Assuming all CAPM assumptions hold in the particular context, the estimated beta of the market portfolio excess return is the CAPM beta, the residual (assumed to be zero in a linear regression) represents the residual return in CAPM, and alpha represents active returns achieved through active management of the portfolio. CAPM implies that changing the beta of a portfolio to time for periods of high market portfolio returns, a type of market timing, cannot achieve active returns, since in the CAPM context active return is defined as return in excess of market portfolio returns. The assumptions of CAPM also point to ways for active management to achieving active return, which involves investing on information not yet incorporated into the consensus around the market portfolio.

==Uses of Active Return==
Measurements of active return play a big role in investment manager evaluation, compensation, and selection. Active return forecasts are an input into portfolio return forecasts, which are crucial inputs in investment planning and asset-liability management. Portfolio managers could examine active returns to evaluate which active decisions or types of active decisions have succeeded in their portfolios, to allocate resources (personnel, dollar budgets, risk budgets, etc.) to implement different active decisions, and to communicate with fund sponsors about portfolio performance.

===Uses from the perspective of fund sponsors===
Fund sponsors typically look for proficiency, consistency, and precision in the ability of active portfolio investment managers to produce active returns. A portfolio's scale of active returns implies a manager is proficient in producing active returns, its repeatability of active returns over time implies a manager is consistent at producing active returns, and its conformity of its sources of active returns with the manager's stated investment objectives implies a manager is precise in producing active returns. Fund sponsors typically choose a number of investment managers and allocate them assets to manage; they could compare these qualities of active returns among different investment managers to adjust allocations to their mandates.
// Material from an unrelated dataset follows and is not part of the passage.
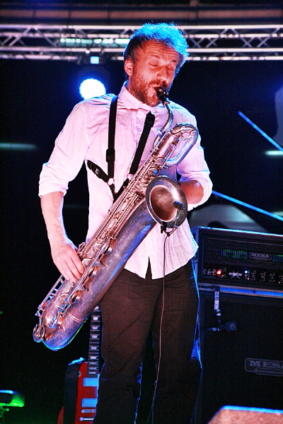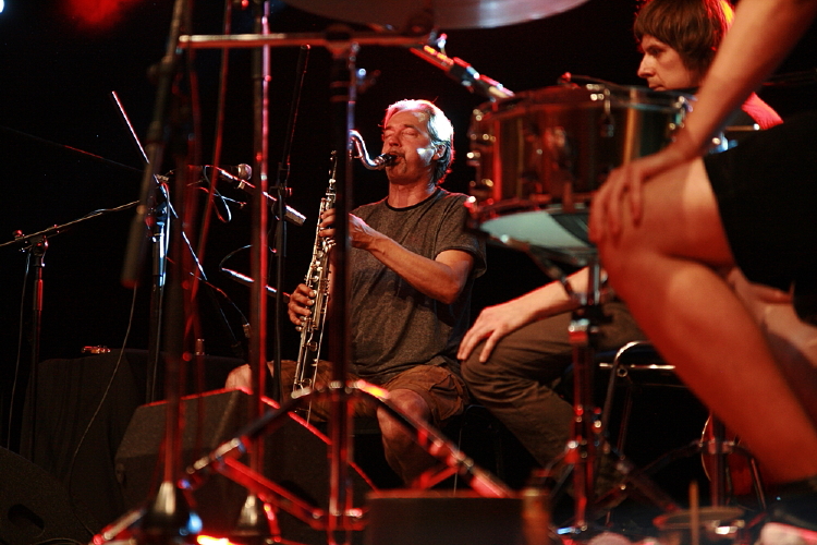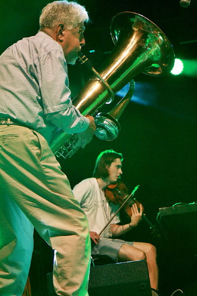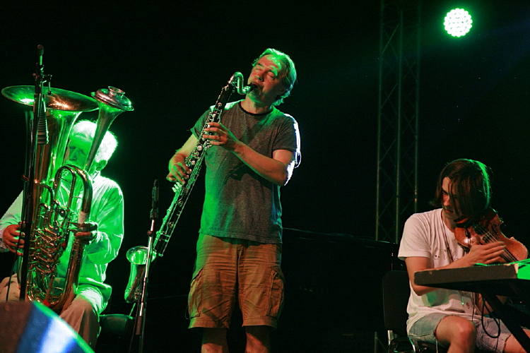 Dla fanów lekkiego i niezobowiązującego grania drugi koncert okazał się pewnie szokiem. Pierwotnie anonsowane trio Jerzego Mazzolla wystąpiło w kwartecie na klarnet skrzypce, gitarę i perkusję i w takiej konfiguracji grało przez dobre dwadzieścia minut, po czym skład uzupełnił tubista Zdzisław Piernik. Było w tej amorficznej, operującej dronami i budowanej z kapitalną dramaturgią muzyce wiele intrygującej, niedopowiedzianej aury, gdzie masywne partie tuby i basklarnetu, szorstką sonorystykę perkusji kontrowały gładsze brzmienia gitary i skrzypiec. Bardzo dobry koncert, gdzieś na styku swobodnej improwizacji i muzyki współczesnej, który pozostawił nieco niedosytu, bo w swej zasadniczej części zakończył się raptem po czterdziestu minutach. Na bis usłyszeliśmy ciekawy duet Mazzolla z Piernikiem, którym zaczynali partnerować kolejno pozostali muzycy.
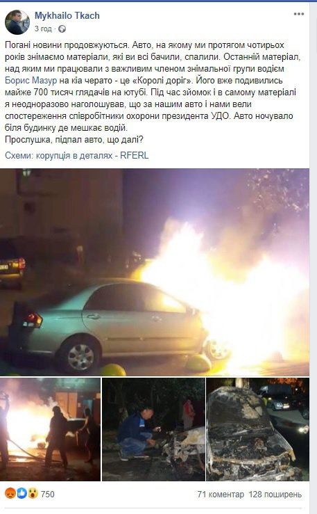 "Погані новини продовжуються. Авто, на якому ми протягом чотирьох років знімаємо матеріали, які ви всі бачили, спалили, - написав Ткач.

===Uses form the perspective of investment managers===
In cases where investment managers pursue multiple investment strategies in a single portfolio, such as fund of funds or multi-strategy portfolios, investment managers could use qualities of active returns of particular strategies to shift resources between investment strategies in the portfolio much like how fund sponsors would shift allocations between investment managers. The active return and active risk of individual investment strategies can be used to calculate information ratio, which can be used to allocation investment strategies, and/or individual investments in assets, such as stocks, in a portfolio to maximize total portfolio active return.